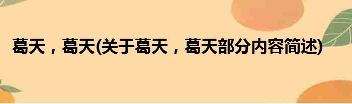 导读 大家好,今天小方来说说一篇关于葛天,葛天,关于葛天,葛天部分内容简述的文章,那么现在就为大家来简单介绍下,希望对各位小伙伴们有所帮
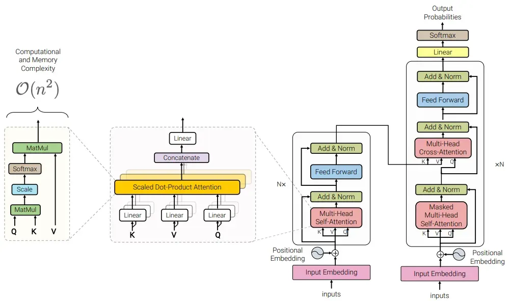 而模型的输出是基于输入序列往后的迭代式生成,基于Transformer decoder架构的注意力机制会参考前文的词来生成当前词,如下图所示,注意力机制是给每个输入序列中的词分配一组query、key、value向量(qkv通过每个词的向量和预设的矩阵相乘得到),然后在计算当前词输出时,会根据前一个词的query向量和前文序列中每一个词的key向量做点积得到一个分数score,这个就是相关性分数,score越大,该score对应的前文向量对当前词的输出影响越大,然后把前文序列中每一个词的score乘自己的value向量,再加权求和得到当前词向量,该词向量再通过前馈神经网络判断出当前的单词,以此类推,直到整个输出序列生成完毕;这就是基于注意力机制的大模型生成逻辑;
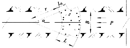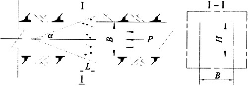 α——凸基座支承面與硐室中心線間夾角(°)。一般取20°~30°,圍巖分類為Ⅰ、Ⅱ類時,取大值;其他類型圍巖時,取小值;
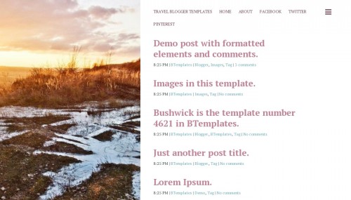 Bushwick is a free blogger template adapted from WordPress with 1 column, responsive design, minimalist, footer columns, related posts support and simple look. Excellent template for blogs about to write a diary, photography, a personal portfolio site or travel. Download Bushwick for free in BTemplates.

-------

* WORK INSTRUCTIONS *
Your task is to reproduce exactly the lines from the one with "而模型的输出是基于输入序列往" to the end of the material, both included, with the pictures left out.

* FINISHED TASK *
 而模型的输出是基于输入序列往后的迭代式生成,基于Transformer decoder架构的注意力机制会参考前文的词来生成当前词,如下图所示,注意力机制是给每个输入序列中的词分配一组query、key、value向量(qkv通过每个词的向量和预设的矩阵相乘得到),然后在计算当前词输出时,会根据前一个词的query向量和前文序列中每一个词的key向量做点积得到一个分数score,这个就是相关性分数,score越大,该score对应的前文向量对当前词的输出影响越大,然后把前文序列中每一个词的score乘自己的value向量,再加权求和得到当前词向量,该词向量再通过前馈神经网络判断出当前的单词,以此类推,直到整个输出序列生成完毕;这就是基于注意力机制的大模型生成逻辑;
 α——凸基座支承面與硐室中心線間夾角(°)。一般取20°~30°,圍巖分類為Ⅰ、Ⅱ類時,取大值;其他類型圍巖時,取小值;
 Bushwick is a free blogger template adapted from WordPress with 1 column, responsive design, minimalist, footer columns, related posts support and simple look. Excellent template for blogs about to write a diary, photography, a personal portfolio site or travel. Download Bushwick for free in BTemplates.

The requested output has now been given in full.